There are many islands of privatly owned/leased land imbedded in forest lands. Some of them have been there historically and some of them may have been purchased from school trust lands. Many of these privately owned lands have never been posted so they appear to be forest land. Then ownership changes and/or land use changes and owners find that there is money to be made by restricting public access to these lands and presto-changeo no trespassing signs appear out of the blue like spontaneous combustion. I have seen the same thing in the Boiler Canyon area near Soulder Summit. One place in particular that has puzzled me is the area around Elizabeth Pass and Blacks Fork on the north slope of the Uintas. If you look at a Wasatch-Cash forest map you will find that that area is a checkerboard with literally every other section being private and forest land. It seems to me that this would be a very ineficient way to manage land. I would love to know what the history of that land ownership is.


----------



## Huge29 (Sep 17, 2007)

campfire said:


> There are many islands of privatly owned/leased land imbedded in forest lands. Some of them have been there historically and some of them may have been purchased from school trust lands. Many of these privately owned lands have never been posted so they appear to be forest land. Then ownership changes and/or land use changes and owners find that there is money to be made by restricting public access to these lands and presto-changeo no trespassing signs appear out of the blue like spontaneous combustion. I have seen the same thing in the Boiler Canyon area near Soulder Summit. One place in particular that has puzzled me is the area around Elizabeth Pass and Blacks Fork on the north slope of the Uintas. If you look at a Wasatch-Cash forest map you will find that that area is a checkerboard with literally every other section being private and forest land. It seems to me that this would be a very ineficient way to manage land. I would love to know what the history of that land ownership is.


Wow, i have not been to Boiler in years, but I don't think I have seen any private land anywhere in that area except for the southern Avintaquin tip. Of course, the county recorder is the only true determiner of what land is what. We recenlty had such an issue on the other side of Soldier Summit where there is now a gate on a road that has been open for well over 20 years (meaning that the easement has been created already), so my buddy who works at the county is looking into that for us.

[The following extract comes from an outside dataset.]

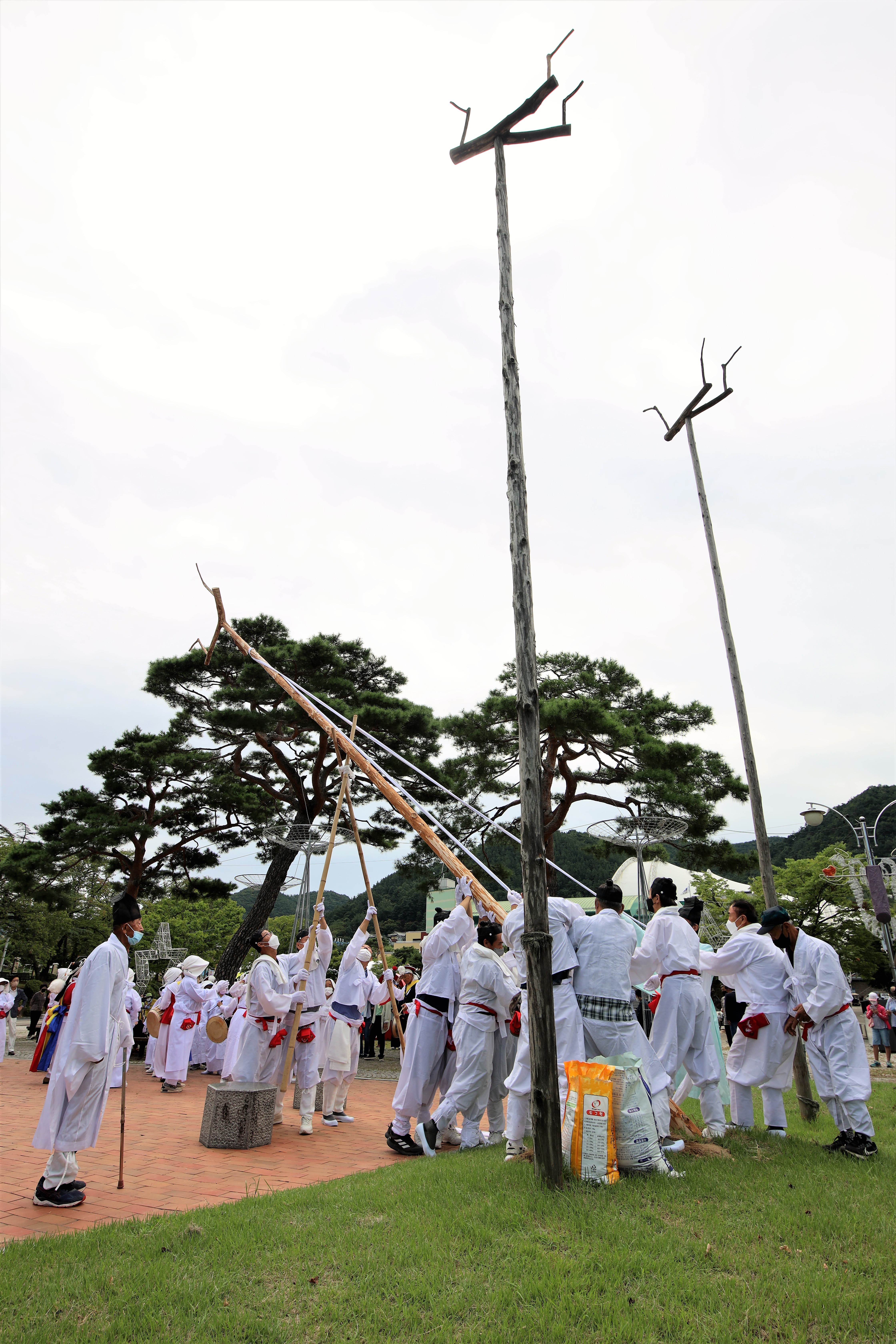 무주의 전통민속놀이는 ‘산의실 솟대세우기’로 시작했다. 무주반딧불축제의 성공적인 개최를 기원하는 의미에서 무주읍 산의실 주민들이 풍년농사와 마을의 안녕을 기원하며 마을 입구에 솟대를 세워 오던 솟대제를 개막식이 열리는 축제 첫날에 행사장인 예체문화관 앞에서 진행했다. 농악대를 앞세우고 등장한 약 7m 길이의 솟대를 예년에 세워진 솟대와 함께 나란히 세운 후 주민들은 제를 올리고 뒤풀이 굿으로 놀이를 마무리했다.

It is private land where the gate is, but beyond it is BLM, not that that matters, an easement across 100% private land is still an easement. This certain county is so goofy that it took one case that had been open for 80 years about two years to really decide that the guy could not lock the road.


----------



## bowgy (Oct 10, 2007)

Some of my wifes family land was included in a CWMU, and in the meetings with DWR, if the private land completely surounded the public land the public land could be included in the CWMU. One of the landowners posted by convienience instead of right on his property line, someone reported it to the DWR and they checked it with GPS and gave the CWMU a warning to get it right or the fine would be $8,000.00. The warning was since it was the first infraction.


----------



## Guns and Flies (Nov 7, 2007)

It's good to hear that some of the landowners and being put in check; sometimes it seems they get free range. 

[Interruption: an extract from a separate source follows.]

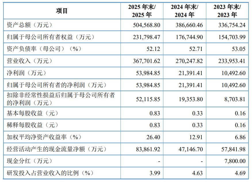 财务方面,于2023年度、2024年度、2025年度,公司实现营业收入分别约23.40亿元、27.02亿元、36.77亿元;同期,录得净利润分别约1.05亿元、2.14亿元、5.40亿元。

Update on the land I was looking into: I called the SITLA office and they said that their land cannot be leased for hunting; it is open to public access, if you can access it through public. Since there is a BLM section touching the SITLA section I wanted to hunt I thought I was home free, come to find out this SITLA section is part of a CWMU. So I called SITLA back about it, listen to this loop hole, they said that this SITLA land is public accessible even thought it is a part of CWMU, because CWMU's give 10% of their tags to the public. I just about sold my rifle and sent in my application to PETA. They are now planning on selling the land, so the public looses this awesome hunting section (1 mile by 1 mile section) forever :evil: They are selling it (auction) on October 10th, before the deer hunt, so how is this already in a CWMU? The SITLA guy was surprised that this section was in a CWMU, he said that usually the DWS has to let them know what is going on, apparently DWS it taking it into their own hands. I hope the DWS is truly looking out for the public hunter.

In this same area there are about 8 section of BLM land included in different CWMU's. This is a bit disconcerting. Why is the DWS allowing this awesome hunting land to get put into private CWMU’s, most of them can be accessible to public, they are not land lock parcels. The CWMU’s already have 8-10 sections of land in their CWMU without putting public land into their CWMU. Northern Utah already has a ton of private land, what is more BLM land getting leased to private?


----------



## Afishnado (Sep 18, 2007)

I was up there the same weekend utbowhntr was, and I have the same concerns. It really saddens my family and I. 

Since when does the DWR care about the public hunter? Please, give me a break! We're the last thing on this green freaking earth the DWR cares about. They're more concerned that the big ranchers and "greenies" might sue them for something. 
I mean, "Why care about your customer?" It's like having to buy insurance, you have to have it, but just try to use it and see what happens. 

So basically what I'm trying to say is, "the public land hunter is screwed"!!

Gitty-up,
Afishnado


P.S.
Guys and Gals, Please use punctuations and paragraphs! It's very confusing trying to read a 400-word sentence.


----------